Identify the background noise-level of Ki67#
In this dataset the background noise falls below ~0.5. We define this value as the typical noise level.
[5]:
TYPICAL_NOISE = 0.5
plot_marker_distributions(single_cell_df, 'Ki-67', axvline=TYPICAL_NOISE)

Ki67 values over the level of background noise have similar distributions after standardization#
This property is predicted from from the experiments by Uxa et. al (see detailed background below for more details)
[6]:
transformed_ki67_single_cell_df = transform_ki67(
single_cell_df=single_cell_df,
cell_type_col='cell_type',
ki67_col='Ki-67',
typical_noise=TYPICAL_NOISE,
)
plot_marker_distributions(transformed_ki67_single_cell_df, 'Ki-67', xlim=10)
/Users/jonathansomer/Documents/phd/projects/testing_git/osdr/src/tdm/preprocess/ki67.py:63: FutureWarning: DataFrameGroupBy.apply operated on the grouping columns.
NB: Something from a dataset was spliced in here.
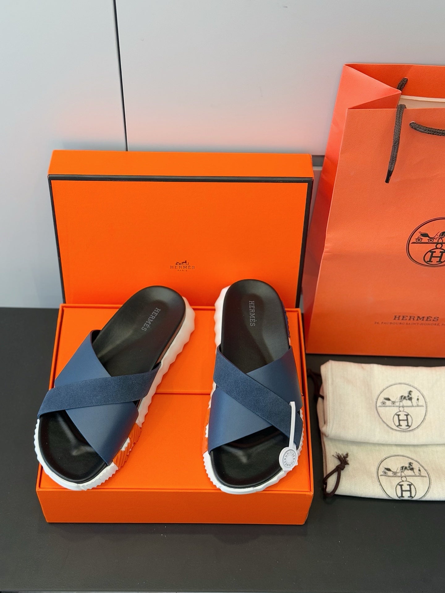 HM Men's Infra Slide Navy Blue Cowhide Suede 599997

This behavior is deprecated, and in a future version of pandas the grouping columns will be excluded from the operation. Either pass `include_groups=False` to exclude the groupings or explicitly select the grouping columns after groupby to silence this warning.
.apply(lambda g: _transform_ki67_series(g[ki67_col], typical_noise=typical_noise, drop_values_below_noise=True))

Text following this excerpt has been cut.